Wednesday, November 7, 2007

25 years ago last week

In the Salina paper each Monday, they recap news stories from previous years. This is one from last Monday's paper, but it was funny.

Nov 1, 1982 (25 years ago)
Halloween paranoia struck early Sunday when two Salina residents arrived at the police station yesterday afternoon with what they thought were suspicious food items. Police said one woman came to the station complaining about the salted peanuts she just bought. She told authorities the peanuts tasted funny, but upon inspection, lawmen quickly determined the woman mistakenly had purchased an unsalted variety. Later, another Salina woman dropped by to show police a mini-candy bar that appeared to have been opened.

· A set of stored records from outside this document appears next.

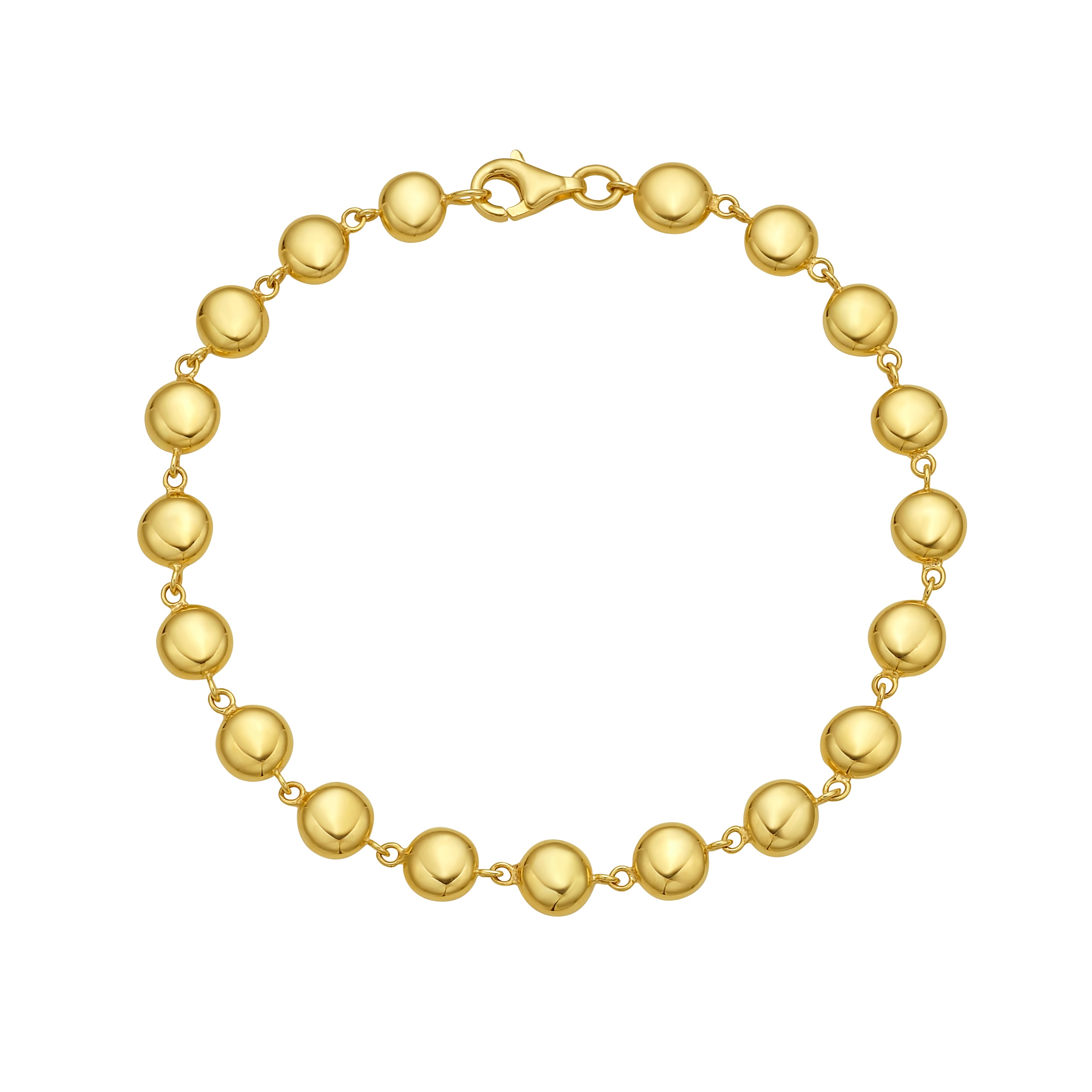 14K Yellow Gold Polished Pebble Bead 7.25" Bracelet with Lobster Clasp
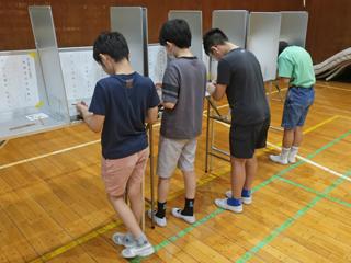 体育館を選挙会場として、実際の機材を使って体験します。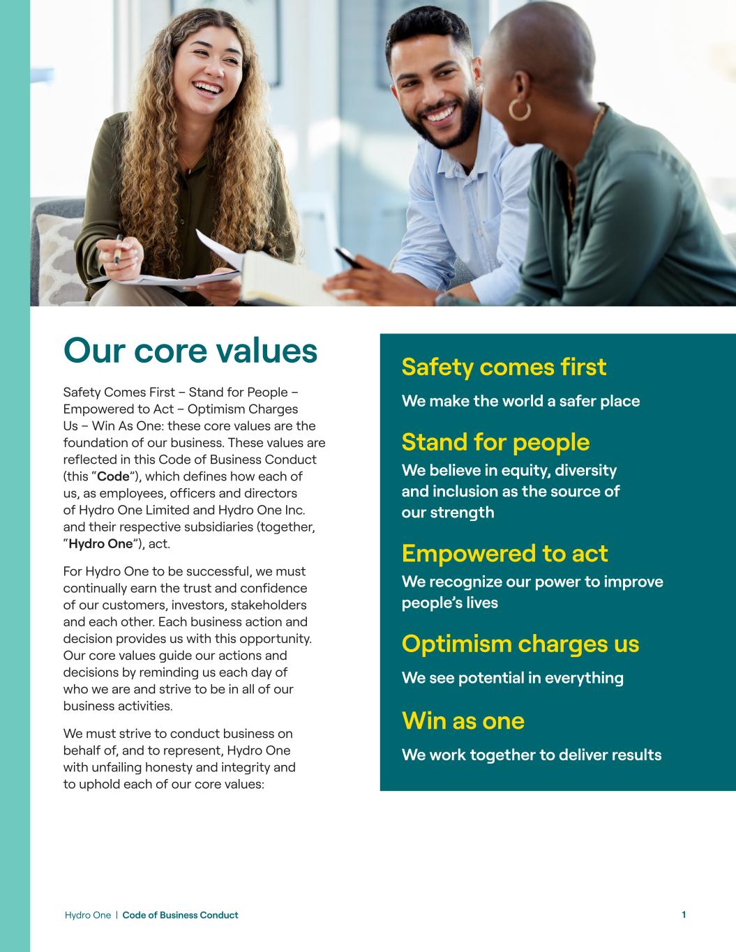 Hydro One | Code of Business Conduct 1 Our core values Safety Comes First – Stand for People – Empowered to Act – Optimism Charges Us – Win As One: these core values are the foundation of our business. These values are reflected in this Code of Business Conduct (this “Code”), which defines how each of us, as employees, officers and directors of Hydro One Limited and Hydro One Inc. and their respective subsidiaries (together, “Hydro One”), act. For Hydro One to be successful, we must continually earn the trust and confidence of our customers, investors, stakeholders and each other. Each business action and decision provides us with this opportunity. Our core values guide our actions and decisions by reminding us each day of who we are and strive to be in all of our business activities. We must strive to conduct business on behalf of, and to represent, Hydro One with unfailing honesty and integrity and to uphold each of our core values: Safety comes first We make the world a safer place Stand for people We believe in equity, diversity and inclusion as the source of our strength Empowered to act We recognize our power to improve people’s lives Optimism charges us We see potential in everything Win as one We work together to deliver results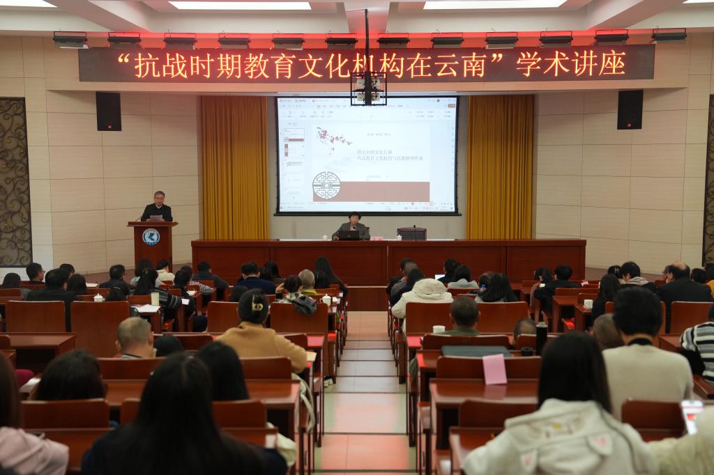 11月12日,展览启动式举行,学校党委副书记王文成主持,学校各单位分管档案工作领导、兼职档案员,各二级学院党委副书记、团委书记、学生代表及档案馆全体工作人员共计190余人参加。全国档案专家、云南省档案馆史料编研处研究馆员、一级调研员李涛为参会人员作了“抗战时期教育文化机构在云南”为主题的专题讲座,以翔实的档案史料为切入点,带领师生一同回溯抗日战争时期云南高等教育的峥嵘岁月,在烽火硝烟中坚守育人初心。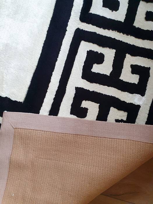 Коротко: «Ковер ручной работы МЕАНДР white and black» (Creative Carpets - hand made, DEKOS) — ковер для гостиной, кабинета. материал: бамбуковый шелк, стиль: классический, Модерн, цвет: черно-белый, ворс: 12 мм, основа: тканевая, ориентирован на классическую подачу, страна производства: Турция.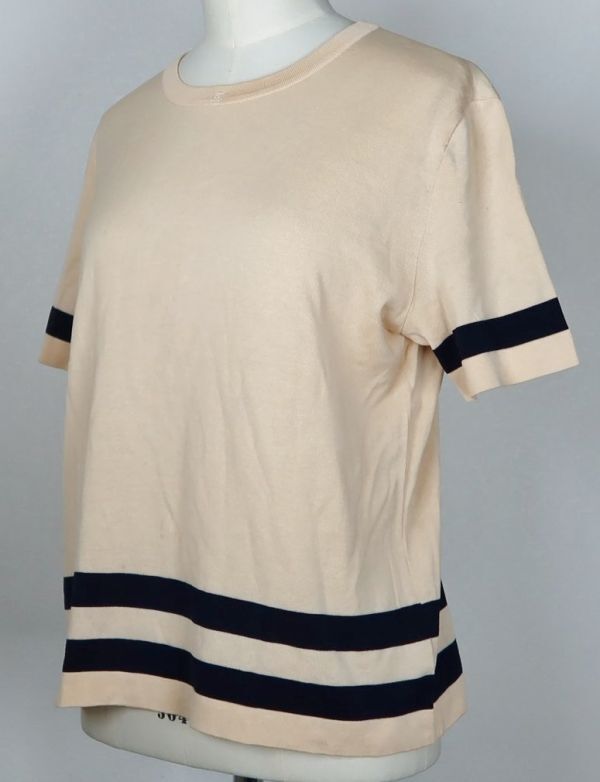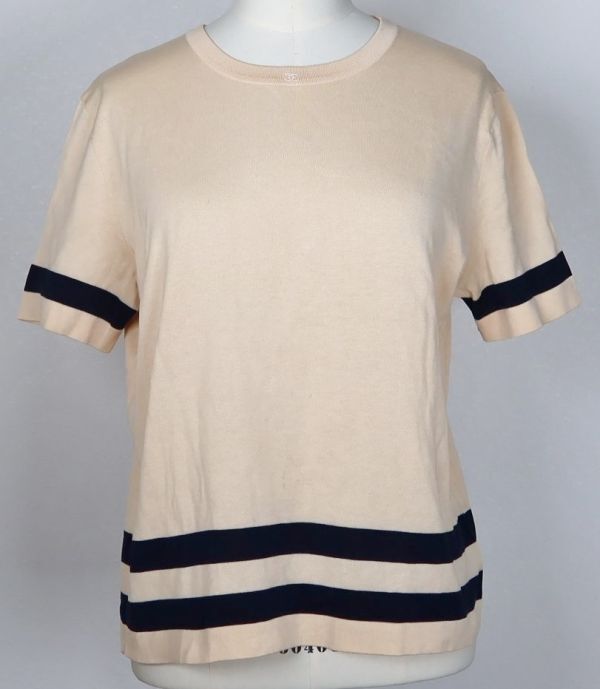 VINTAGE CHANEL coco short sleeve knit size 46 シャネル ココマーク 半袖 ニット <色> 画像を参考にお願いします <素材> 100%cotton <サイズ> 46 <寸法> 肩幅42.5身幅49着丈56.5袖丈20.5(単位:㎝) <商品状態> VINTAGE品、若干の着用感と細かい薄汚れは少々ございますが綺麗なお品です。 <備考> 国内購入品 ■支払方法 YAHOOかんたん決済で落札価格+送料をお支払いください。 ■発送詳細 佐川急便、送料全国一律900円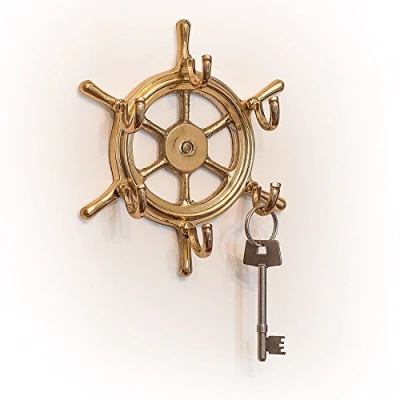 Brass ship's wheel featuring five hooks. Diameter 9".… From Nauticalia, specialists in nautical gifts and accessories since 1974 Durable and strong

Again, police solved the case by concluding the candy wrapper had not been sealed properly at the factory.

Now someday (hopefully) I will be an old old woman. I hope I am entertaining. These two women are (probably were) hilarious.

In today's news (really yesterday's)... I bowled a 184 last night. Maybe I am an athlete!

Tuesday, November 6, 2007

Card-carrying bowler.

Yesterday, my official USBC League Bowling card came. That's right, I'm pretty official. Between my deputy badge and this card, my jurisdiction and power is awe-inspiring.

Anyway, the point is with the card comes a letter - thanking you for joining the mandatory USBC. Ironic. The letter ends with this sentence and my laughter:

As a member, you are more than a bowler. You are a leader, a caretaker and an athlete.

Someone should tell them that I'm barely a bowler! I mean, it's like they will give these cards to anyone who will pay the mandatory $15!

Monday, November 5, 2007

Lions, tires and cars, oh, MY!

SO this is NOT a blog about me. A friend of mine from Denver was lucky enough to go to Africa last month and went on a safari of sorts. And last night I came up with this title and it had to be used. He was about 10 or 15 feet away from these lions!

Thursday, November 1, 2007

Goodnight, Moon.

Goodnight, Halloween.

Well, another Halloween has gone... boo. Not 'boo' like scary boo... but 'boo' like "Boo, Hiss".

Anyway... last night I rode along with some hooligans (dressed as the grim reaper and a box of popcorn) as they tricked or treated. And judging by the bags, they mostly treated. But some tricks did occur.

I can't say too much about the tricks to avoid incriminating anyone... but a gang TP'd some houses last night. From what I understand - the was no beef between the gang members and the alleged victims and in fact it was a tradition. Also taken from insightful interviews with the gang members, it's quite a rush to get chased. :) One photo of the alleged damage allegedly below.



Oh! And I just gave myself a pretty darn good french braid - that tells you how long my hair is getting!